Henry Patrick Dixon (2 March 1918 – 29 December 1998) was an Irish Gaelic footballer. He played with a number of clubs, including Garrymore and Claremorris, and also lined out at inter-county level with the Mayo senior football team.

==Career==

Dixon's club career spanned four decades and four different clubs. After beginning his career with Carramore and Garrymore, he won a Mayo JFC title with Mayo Abbey in 1944. Dixon won a second junior title, this time with the Claremorris club, in 1960. He claimed a Mayo SFC medal with Claremorris in 1961 before bringing his club career to an end with a man of the match display in a defeat by Ballina Stephenites in 1962.

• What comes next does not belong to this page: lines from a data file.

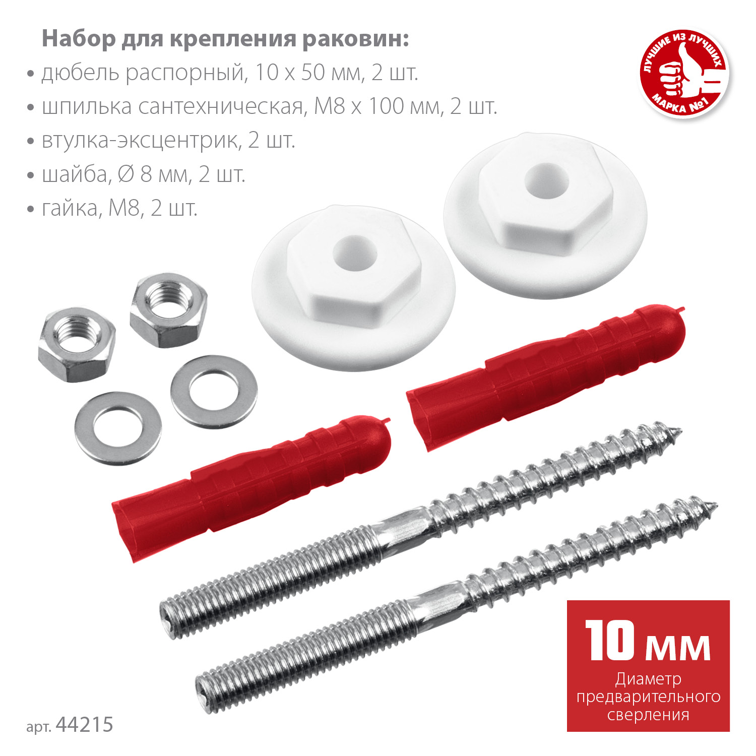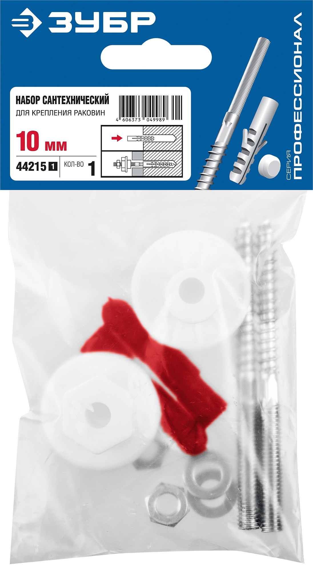 - Набор включает в себя полный комплект крепежных изделий, необходимых для установки раковины: дюбели, шурупы, шайбы, гайки и втулки пластмассовые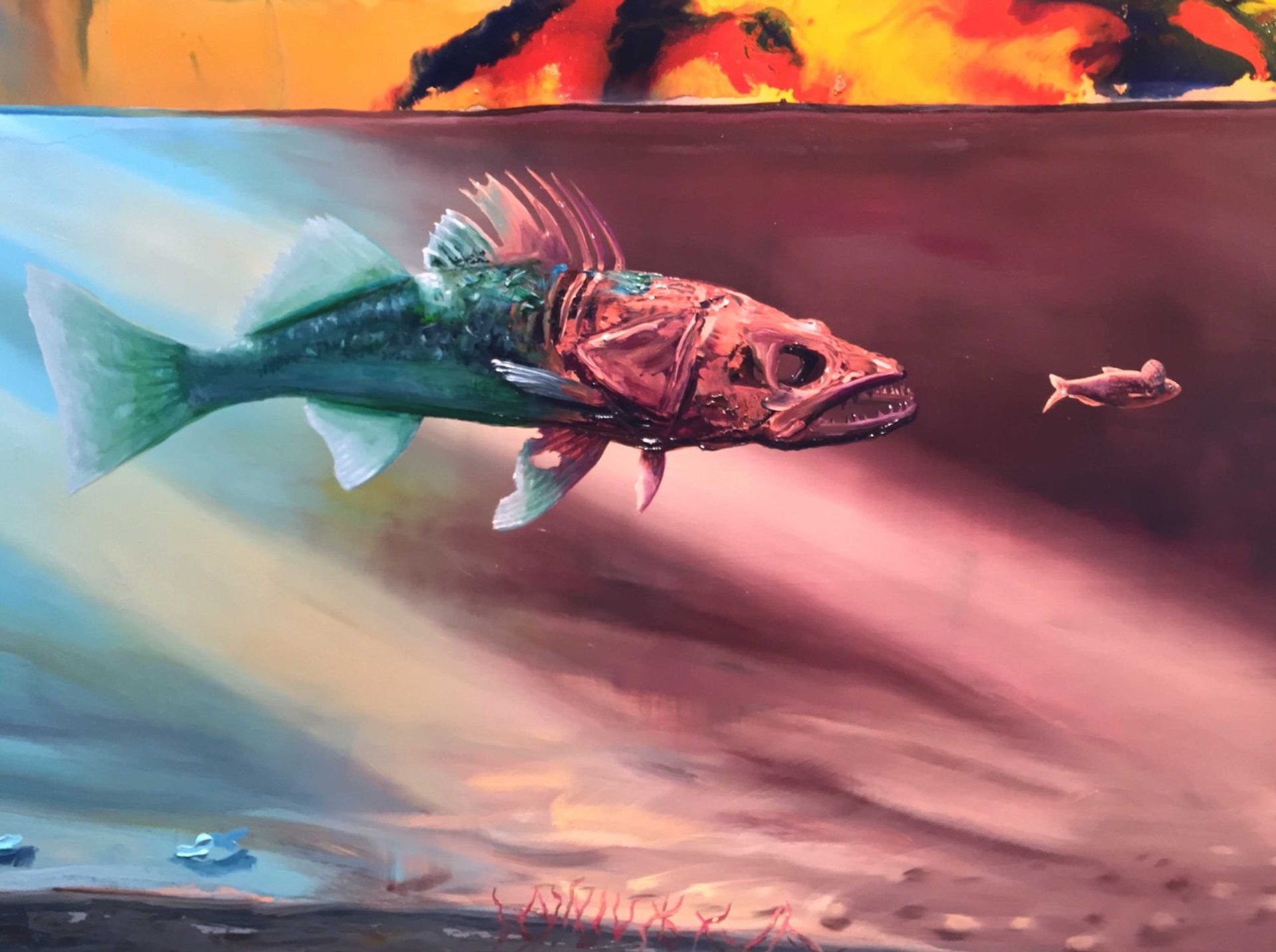 Alexis Rockman's murals for the Great Lakes Science Center in Cleveland shows a half-dead Blue Pike, a subspecies of wall-eye that was once endemic to the Great Lakes region but has not been seen there since 1983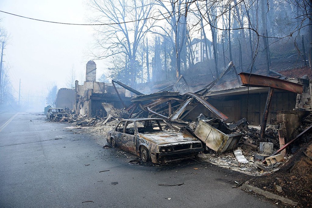 In Gatlinburg, many buildings were burned to their foundations. Hotel fire alarms echoed through empty streets lined with burned-out cars.

Dixon first appeared for Mayo in 1939, however, his emigration to England that year halted his inter-county progress. In 1944 he played with the Mayo junior team, while also making a few appearances for the senior team. Dixon was a non-playing substitute when Mayo were beaten by Cavan in the 1948 All-Ireland final. He became a regular member of the team the following year and claimed his first silverware after victory in the National League.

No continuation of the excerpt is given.